Toyota’s North American CEO, Jim Lentz, predicted back in 2009 that by 2020 the world would hit peak oil—the idea that the world’s demand for oil would exceed the world’s supply of oil. And since we’ve officially entered the year 2020, it feels like an appropriate time to look at whether his prediction was correct. Spoiler alert: It wasn’t.
“I think there’s no question, oil is going to be more expensive,” Lentz said at the Commonwealth Club of California in San Francisco on November 17, 2009. “Our model on future energy, is that we will probably see peak oil sometime around the end of the next decade. So whether it’s 2017 or 2020, it’s going to be some time in that neighborhood.”
Lentz went on to say that Toyota is trying to shift its production to other types of fuel while noting that he believes natural gas is likely to peak around 2050. Lentz, who at the time was president and COO of Toyota Motor Sales, also said that fuel cells were “a long way down the road.”
“But that’s our view on oil. We have about 10, 12 years left,” Lentz said.
But, as you might have guessed, peak oil just didn’t happen. In 2010, the inflation-adjusted price of oil was $82.54 a barrel. And in 2019, the price was just $46.25. The price of oil has actually fallen since 2010, and you don’t really hear people talking about peak oil anymore. Why? Because we’ve gotten really good at finding new reserves of oil and extracting harder-to-reach oil through technologies like fracking. And with or without peak oil, continuing to use fossil fuels will spell the end of a habitable planet.
Back in the 20th century, many people were obsessed with the concept of “peak oil.” In 1909, some people predicted that we only had roughly 25-30 years of oil left. And those same predictions proliferated for a century.
- “A geologist stuck a figurative dipstick into the United States’ oil supplies Tuesday and estimated that the country may be dry in 10 years.” — August 3, 1966, Brandon Sun (Brandon, Manitoba)
- “At any rate, U.S. oil supplies will last only 20 years. Foreign supplies will last 40 or 50 years, but are increasingly dependent upon world politics.” — May 1972 Bulletin of the Atomic Scientists
- “Unfortunately, oil production will likely peak by 2020 and start declining.” — 1996, Richard Smalley, Nobel Laureate in Chemistry
- “Global supplies of crude oil will peak as early as 2010 and then start to decline, ushering in an era of soaring energy prices and economic upheaval — or so said an international group of petroleum specialists meeting Friday.” — May 25, 2002, Index Journal (Greenwood, SC)

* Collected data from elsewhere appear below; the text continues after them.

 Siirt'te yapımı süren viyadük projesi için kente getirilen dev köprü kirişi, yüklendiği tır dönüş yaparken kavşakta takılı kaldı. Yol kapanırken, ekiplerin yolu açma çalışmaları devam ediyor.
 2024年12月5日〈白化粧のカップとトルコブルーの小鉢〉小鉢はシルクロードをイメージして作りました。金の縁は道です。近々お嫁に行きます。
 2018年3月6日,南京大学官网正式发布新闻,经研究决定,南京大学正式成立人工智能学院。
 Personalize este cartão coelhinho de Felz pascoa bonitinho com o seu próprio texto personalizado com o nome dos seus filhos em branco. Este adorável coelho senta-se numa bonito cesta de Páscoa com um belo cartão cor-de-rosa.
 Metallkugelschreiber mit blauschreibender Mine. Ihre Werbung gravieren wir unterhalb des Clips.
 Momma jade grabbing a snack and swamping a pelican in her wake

The concept of “peak oil” is not the reason to get rid of our dependence on fossil fuels and the internal combustion engine. We simply need to ditch oil because it’s killing our habitable climate and hundreds of thousands of Earth’s species.

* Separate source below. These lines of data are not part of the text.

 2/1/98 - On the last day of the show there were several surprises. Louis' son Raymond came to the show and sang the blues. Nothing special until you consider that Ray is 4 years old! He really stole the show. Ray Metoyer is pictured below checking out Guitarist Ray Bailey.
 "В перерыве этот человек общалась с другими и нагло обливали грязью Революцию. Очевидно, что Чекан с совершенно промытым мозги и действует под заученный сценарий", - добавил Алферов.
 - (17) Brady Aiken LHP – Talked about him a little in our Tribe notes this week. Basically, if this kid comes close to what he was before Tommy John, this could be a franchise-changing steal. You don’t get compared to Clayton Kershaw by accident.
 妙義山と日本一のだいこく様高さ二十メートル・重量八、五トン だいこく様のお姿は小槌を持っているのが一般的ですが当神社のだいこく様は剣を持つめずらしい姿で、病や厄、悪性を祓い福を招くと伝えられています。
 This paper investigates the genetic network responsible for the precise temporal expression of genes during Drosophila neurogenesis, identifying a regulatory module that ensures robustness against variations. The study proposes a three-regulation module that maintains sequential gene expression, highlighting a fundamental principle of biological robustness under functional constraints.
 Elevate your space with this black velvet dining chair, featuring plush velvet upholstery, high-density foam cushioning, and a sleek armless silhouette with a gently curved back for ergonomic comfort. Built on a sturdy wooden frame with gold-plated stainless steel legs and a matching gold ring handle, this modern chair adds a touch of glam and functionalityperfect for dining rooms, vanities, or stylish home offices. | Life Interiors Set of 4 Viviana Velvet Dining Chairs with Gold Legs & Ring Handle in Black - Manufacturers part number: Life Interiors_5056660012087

If you’re about to point out that Lentz was wrong about peak oil, so maybe the scientists are wrong about climate change, I need to stop you right there. Because climate change isn’t a problem for the future. It’s something we can see right now and absolutely no predictive powers are necessary.
The world is unquestionably in the middle of a dire climate crisis. All you need to do is look at Australia, where the country is setting heat records, bushfires are raging, and towns are being evacuated by the military. At least seven people have died from the fires in the past day and dozens more are missing. An estimated 500 million wild animals have died, and the capital city of Canberra currently has the worst air quality of any city in the world. An elderly woman got off the plane in the Canberra today and died of respiratory failure, reportedly because the smoke blanketing the city was so bad.

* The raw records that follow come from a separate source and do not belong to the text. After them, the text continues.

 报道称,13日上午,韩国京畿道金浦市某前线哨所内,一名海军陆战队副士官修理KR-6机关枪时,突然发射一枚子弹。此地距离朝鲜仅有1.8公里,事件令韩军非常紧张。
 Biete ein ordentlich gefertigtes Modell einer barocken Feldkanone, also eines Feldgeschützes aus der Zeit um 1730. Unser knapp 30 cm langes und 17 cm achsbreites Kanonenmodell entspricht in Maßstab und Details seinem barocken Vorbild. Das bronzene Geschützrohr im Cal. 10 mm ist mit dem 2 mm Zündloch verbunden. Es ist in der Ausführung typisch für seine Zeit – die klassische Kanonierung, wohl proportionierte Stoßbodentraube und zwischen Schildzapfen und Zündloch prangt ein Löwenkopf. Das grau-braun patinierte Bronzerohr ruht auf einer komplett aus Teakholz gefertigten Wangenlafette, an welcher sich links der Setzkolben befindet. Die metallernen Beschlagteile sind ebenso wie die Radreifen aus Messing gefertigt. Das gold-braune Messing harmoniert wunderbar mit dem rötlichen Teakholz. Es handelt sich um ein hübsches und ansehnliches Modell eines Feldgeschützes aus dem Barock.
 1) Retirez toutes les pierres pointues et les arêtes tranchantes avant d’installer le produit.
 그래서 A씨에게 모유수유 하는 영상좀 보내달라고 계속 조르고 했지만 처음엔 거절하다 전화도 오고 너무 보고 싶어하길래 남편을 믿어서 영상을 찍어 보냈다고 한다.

Australia is bad and getting worse, and the world should start to take notice.
It’s entirely possible that we could hit peak oil within the next few decades. But the question of peak oil is beside the point. Lentz may have been wrong about his prediction, but hopefully, his inaccurate prediction at least lit a fire under Toyota’s ass to start taking alternative energy more seriously.
If humanity doesn’t get off fossil fuels, the planet will be so intolerable that few people will want to be alive, let alone driving their vehicles (gas-powered or otherwise) all over the place. Again, all you need to do is look at Australia. The rest of the world is getting a glimpse of the future right now in the land down under. And it’s not pretty.